Apple entre dans une guerre de tranchées contre l’Europe
📩 Pour nous contacter: redaction@frenchweb.fr
La riposte est lancée, Apple vient de déposer un recours devant le Tribunal de l’Union européenne pour contester l’amende de 500 millions d’euros infligée en avril par la Commission. En cause, des pratiques jugées anticoncurrentielles sur l’App Store, mais c’est surtout un bras de fer bien plus large sur le contrôle de son modèle économique face à la régulation européenne, qui est désormais engagé. La BigTech est bien décidée à défendre sa souveraineté technologique, face à la souveraineté normative de l’Union Européenne.

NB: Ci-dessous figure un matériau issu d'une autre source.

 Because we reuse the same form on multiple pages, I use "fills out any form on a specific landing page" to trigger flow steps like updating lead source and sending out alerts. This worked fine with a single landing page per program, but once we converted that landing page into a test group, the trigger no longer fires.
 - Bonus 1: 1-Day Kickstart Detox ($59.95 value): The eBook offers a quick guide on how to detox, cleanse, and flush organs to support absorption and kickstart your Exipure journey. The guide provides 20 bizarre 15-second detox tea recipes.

Une première salve dans l’ère DMA
L’amende infligée à Apple est l’une des premières dans le cadre du Digital Markets Act (DMA), le nouveau règlement européen entré en vigueur en 2024 pour contraindre les “gatekeepers”, les plateformes considérées comme dominantes, à ouvrir leur écosystème.

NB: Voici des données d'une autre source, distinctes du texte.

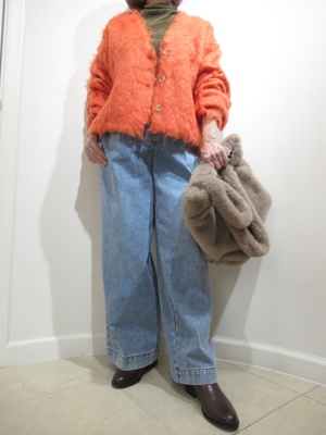(冬のデニムコーデを明るく彩る、オレンジカーディガン)ふわもこのカーディガンが冬の装いを一気に華やかにしてくれる主役アイテム。ビビッドなオレンジが顔周りをパッと明るく見せ、デニムとの相性も抜群です。ボトムはゆったりワイドデニムで大人の余裕を感じるカジュアルに。
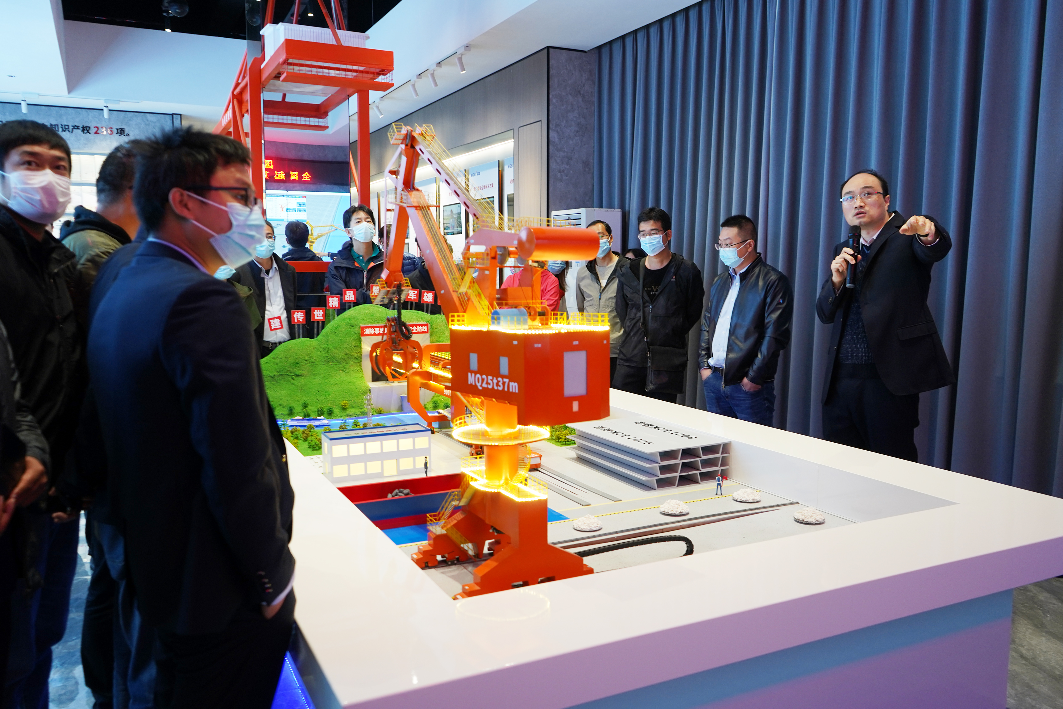△ 參觀沙盤模擬門座機(jī)、架橋機(jī)運(yùn)行

Pour Bruxelles, Apple a enfreint le DMA en empêchant les développeurs d’indiquer aux utilisateurs qu’ils pouvaient payer ailleurs, souvent à moindre coût. La Commission a exigé qu’Apple modifie ses conditions d’utilisation, ce qu’il a fait en juin, tout en dénonçant une « complexité accrue » pour les développeurs et les utilisateurs.

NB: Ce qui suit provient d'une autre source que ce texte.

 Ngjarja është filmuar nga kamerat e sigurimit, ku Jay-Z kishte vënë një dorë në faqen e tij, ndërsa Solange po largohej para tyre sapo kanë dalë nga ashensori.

De son coté, Apple dénonce un excès de pouvoir, accusant Bruxelles d’imposer des règles commerciales qui « n’existent sur aucune autre plateforme » et d’avoir « déplacé les lignes » au fil des négociations.
Une stratégie juridique longue, méthodique, défensive
En saisissant le Tribunal de l’Union européenne, Apple ne cherche pas uniquement à faire annuler une amende. Elle ouvre un front procédural qui pourrait durer plusieurs années, visant à affaiblir l’interprétation juridique du DMA, et cela va se jouer article par article, mot par mot.
Le choix du TUE est tactique, c’est lui qui juge le fond économique et technique des dossiers, et Apple peut y faire valoir des arguments de proportionnalité, de concurrence internationale et d’atteinte à ses intérêts commerciaux légitimes. En cas d’échec, la firme pourra toujours se tourner vers la Cour de justice de l’UE, pour un second round. En attendant, cette guerre de tranchées gèle l’application définitive des sanctions, et gagne du temps, dans l’UE comme aux États-Unis où Apple affronte des contentieux similaires.
Au delà du droit c’est surtout un affrontement politique
Qui dépasse le cadre du droit de la concurrence, Apple accuse l’UE de vouloir l’obliger à donner sa technologie gratuitement, un langage très proche des arguments utilisés par d’autres GAFAM dans leurs bras de fer avec l’Europe.
La question de fond est de savoir qui contrôle les règles du jeu numérique mondial ? Si Bruxelles veut imposer ses standards, Apple, comme d’autres géants américains, entend défendre ses marges et sa logique d’intégration verticale.
La guerre de tranchées ne fait que commencer, mais elle redessine déjà les lignes de front entre puissances publiques et empires technologiques. Aux États, l’arme du droit, aux plateformes, celle de la technologie, qu’elles modulent, verrouillent et déploient selon leurs intérêts. Face aux nouvelles contraintes réglementaires, les GAFAM pourraient riposter en limitant l’accès à certaines fonctionnalités ou innovations, sanctionnant de facto le marché européen. Un scénario encore lointain, mais une menace réelle, qu’il serait imprudent de sous-estimer.